Grumpy Gurevitz: Does anyone know if the 3DS is ready to use yet?

Nintendo discovered the mainstream casual market but for some reason missed the fact that this audience had migrated to phones and tablets. Evidence: launching with Nintendodogs; a game which is no longer relevant to the typical dedicated gaming handheld consumer.

It says something when the best reason to switch on a games console is to see if that firmware update you have been waiting for has actually been released yet. Normally this level of excitement might be associated with a never quite on schedule Blackberry release, or possibly the once a year Xbox Live update. However, my first few months of owning a 3DS was spent waiting for it to become functional.

Without wanting to pre-empt the whole article, I should add that it is now functional, and it is all the better for being so. Yet, it seems strange that a company as wise and rich as Nintendo would bring a product to market which would turn its own ‘early adopters’ into its worst possible ‘word of mouth’ marketing team. I am yet to read an article, or meet a fellow owner, who was not full of dismay and scorn at the device resulting in them questioning whether the 3DS represented Nintendo’s first great marketing misstep since the birth of the Gamecube.

The 3DS launched with a lot of razzle and dazzle, with celebrities and events globally. The official magazines, and not so official magazines along with websites had previews of exciting first and third party games which, although not PS3 level of graphics, still looked great and would arrive within weeks of launch. As the launch approached, retailers started changing the launch line-up as games (the ones people might want to actually play) were delayed. The machine launched with very few good games, very few good games that justified £35 a pop, in a world where PS3/Xbox games retail soon after launch at £40 and apps for the iphone and ipad are £1. The good games were Ridge Racer (no online racing mind you), Street Fighter 4 and, er, yeah….

Months later Dead or Alive arrived, (superb) and a remastered and repackaged Ocarina of Time (amazing), followed by Resident Evil Mercenaries (great but way overpriced) and then another vacuum.

This might have made a great E-Store launch title. However, who ever thought it would justify £20-£35?

Now, perhaps Nintendo have realised that charging too much for 3DS games will cancel out the issue that there are actually very few worth buying. The few that are worth having can just about claim to be worth £35, at a push, so owners might buy one every two months. To be honest though, they probably won’t, not if the experience is so limited such as it is with Resident Evil Mercenaries. 3DS owners want and expect handheld versions of full console games, and this is what the publishers and developers need to bring to the party. Of course we live in a digital age, the age of the download and of the stream, and Nintendo had supposedly taken this on board with the 3DS, which was going to be made super E-Friendly. The way in which they best demonstrated this level of E-Friendlyness was to launch the system with no Browser or E-store, saying it’ll be along in a couple of months, maybe, perhaps, possibly – if you close one eye whilst standing on one leg singing the French national anthem backwards.
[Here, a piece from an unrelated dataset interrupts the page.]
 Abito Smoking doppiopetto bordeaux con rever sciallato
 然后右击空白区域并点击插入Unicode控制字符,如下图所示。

May came, and the store arrived. As app stores go, this is very well designed and easy to use. The store makes good use of the fact the 3DS has 2 screens, and it’s easy to navigate using the buttons on the 3DS or the touch screen using your finger. In fact as an aside, many people criticise the 3DS for still using a stylus. This criticism is not fair as the resolution of the bottom screen is much higher than that of the original DS which most of the time, results in you not needing a stylus as it is very responsive. Anyway, back to that E-Store…..
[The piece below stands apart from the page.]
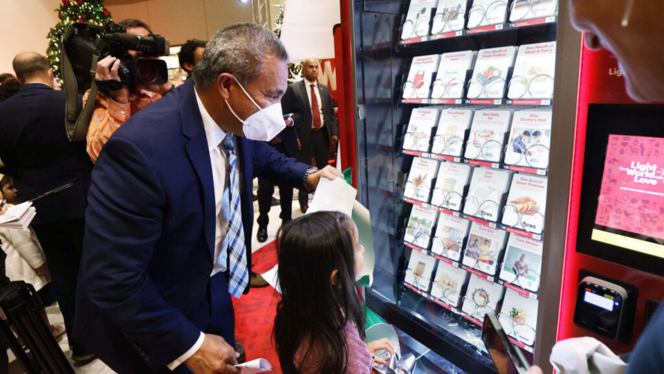 “Every year, the world needs a message of giving. This message of giving is encompassed here in these Giving Machines, where it makes it possible for people to give to people in need, and do so in a way where 100% of every dollar comes to them,” said David Checketts, former president and CEO of Madison Square Garden and former president of the England London Mission.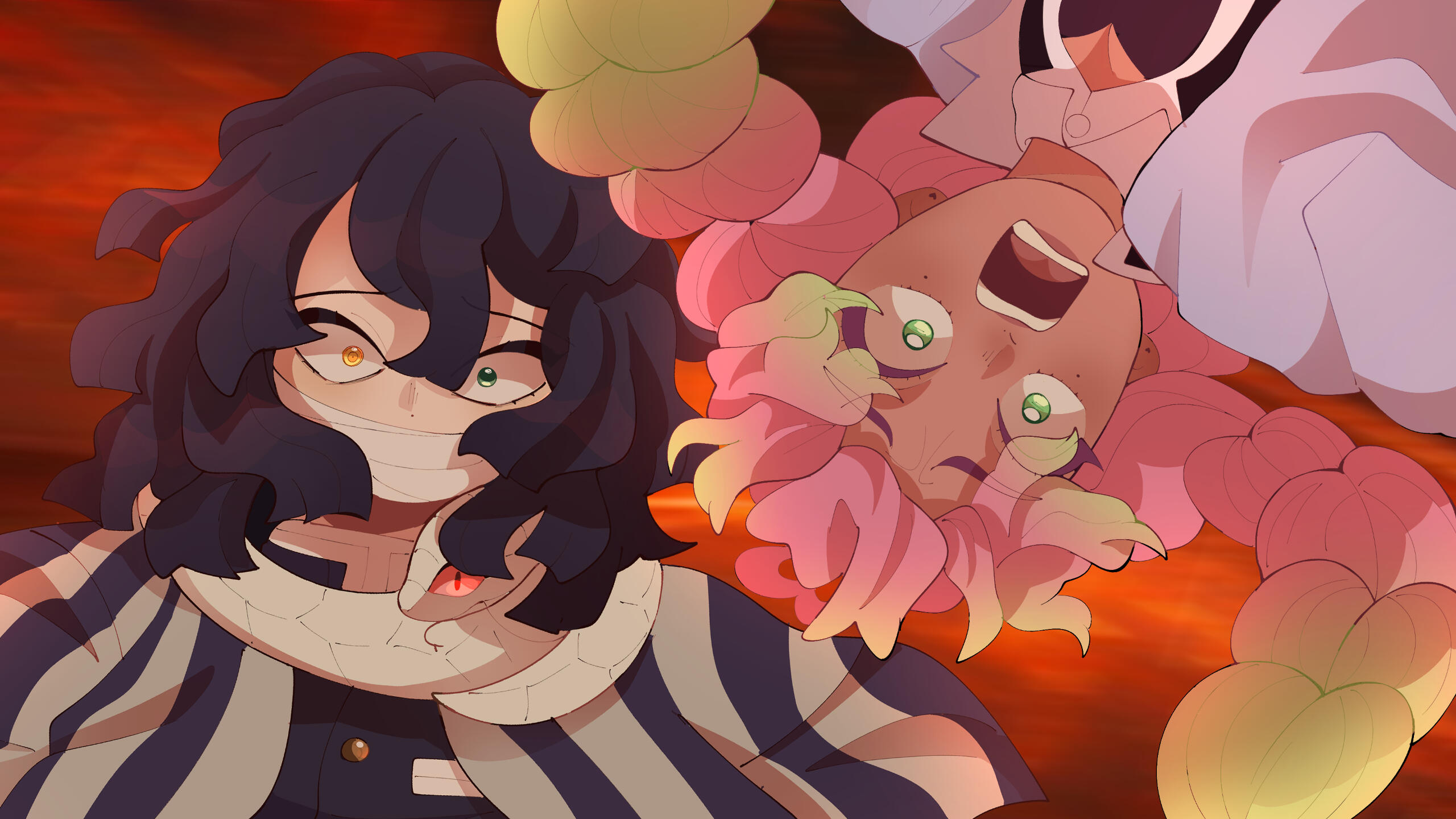 Obamitsu | 11 x 9 in (2025) As a trade with another artist, I was tasked with drawing a couple from Demon Slayer: Kimetsu Gakuen Clip Studio Paint

It’s easy to find what you want and there are a nice number of trailers appearing adding the idea that it’s not just an E-Store but a general content delivery system for trailers and everything Nintendo. You would think that with the time Nintendo had available to it whilst arranging the release of the E-Store it would arrive full of games and videos from the get-go. Hell no; it launched with one free game, that being a remastered version of ExciteBike, a couple of Gameboy games (including the amazing Super Mario Land) and then a best of DSi highlights. Strangely the DSi games seem much more appealing on this system, not least because you can have quite a few of them installed without running out of memory.
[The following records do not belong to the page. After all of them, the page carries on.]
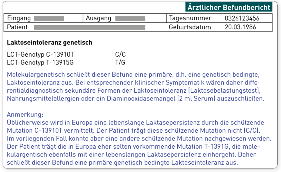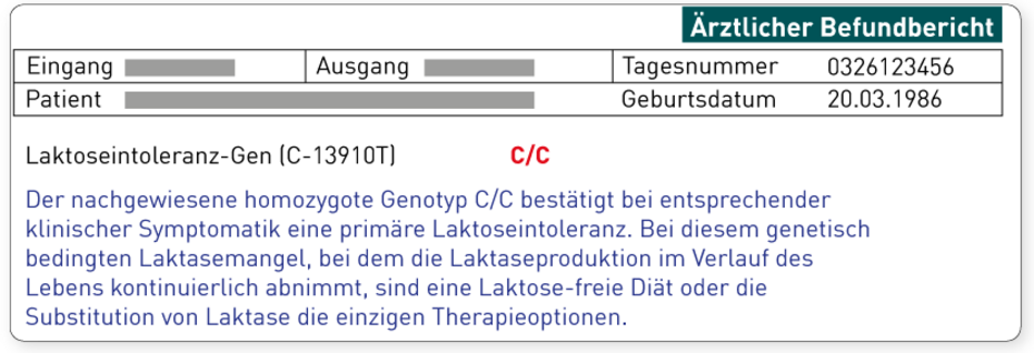 Das bedeutet, dass in Deutschland ca. 15% der Bevölkerung an einer primären (genetisch bedingten) Laktoseintoleranz leiden. Durch den genetischen Test kann heute eine sichere Zuordnung der genetischen Disposition zu einer primären (genetisch bedingten) Laktoseintoleranz erfolgen.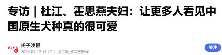扬子晚报2026-01-12杜江、霍思燕夫妇:让更多人看见中国原生犬种真的很可爱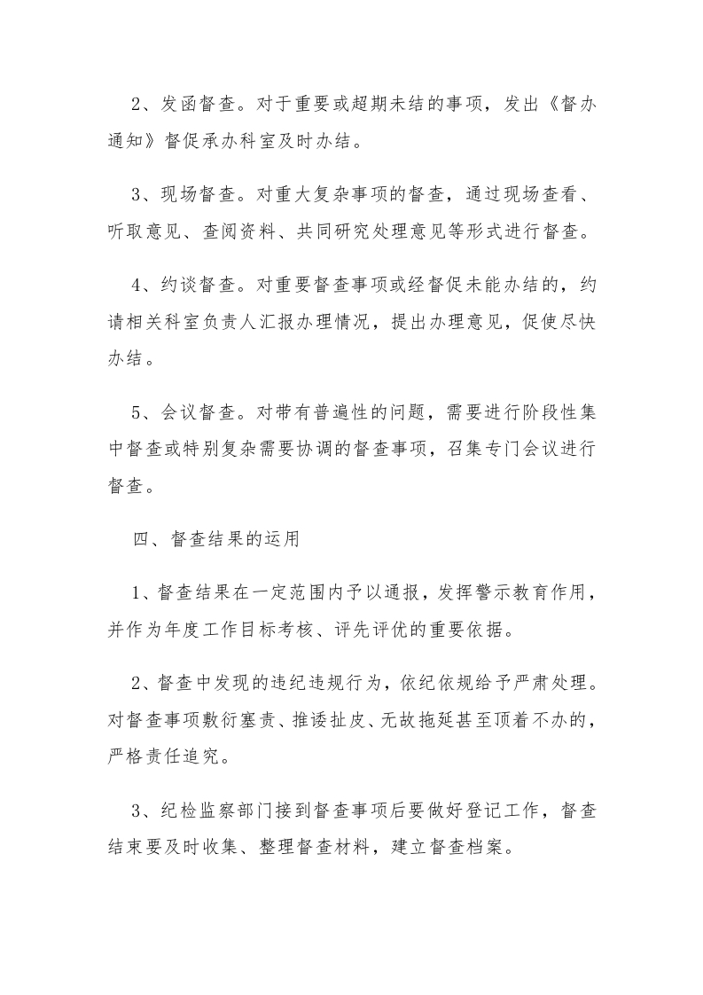 2、发函督查。对于重要或超期未结的事项,发出《督办通知》督促承办科室及时办结。3、现场督查。对重大复杂事项的督查,通过现场查看、听取意见、查阅资料、共同研究处理意见等形式进行督查。4、约谈督查。对重要督查事项或经督促未能办结的,约请相关科室负责人汇报办理情况,提出办理意见,促使尽快办结。5、会议督查。对带有普遍性的问题,需要进行阶段性集中督查或特别复杂需要协调的督查事项,召集专门会议进行督查。四、督查结果的运用1、督查结果在一定范围内予以通报,发挥警示教育作用,并作为年度工作目标考核、评先评优的重要依据。2、督查中发现的违纪违规行为,依纪依规给予严肃处理。对督查事项敷衍塞责、推诿扯皮、无故拖延甚至顶着不办的,严格责任追究。3、纪检监察部门接到督查事项后要做好登记工作,督查结束要及时收集、整理督查材料,建立督查档案。

Yet Nintendo have missed a trick here. If they are willing to allow us to have new 3DS-only titles saved onto our SD card, then why not the DSi games too? Having to copy and move games from one storage medium to another is absurd in this ‘click now and play in 30 seconds’ lifestyle we live in. Even if you do have the patience for such stupidity, it results in your save data being lost. This in turn results in you never buying another DSi game, once you have reached your storage limit, if you don’t want either inconvenience. For new 3DS-only games though, there is no such trouble. Save away onto your SD card, and all will be well. The store is an Xbox Live experience in that it also offers regularly updated trailers and channels and hence encourages you to visit regularly to see what else is new.

Whilst I appreciate Nintendo do not want their E-Store reaching saturation point with an ios level of apps and games, they are still too far the other extreme. They should be adding many more games to the store, and certainly more 3DS exclusive games. These don’t all have to be major releases, and could even include free downloads with paid DLC as on ios, which can offer longer lasting revenue streams for certain types of games.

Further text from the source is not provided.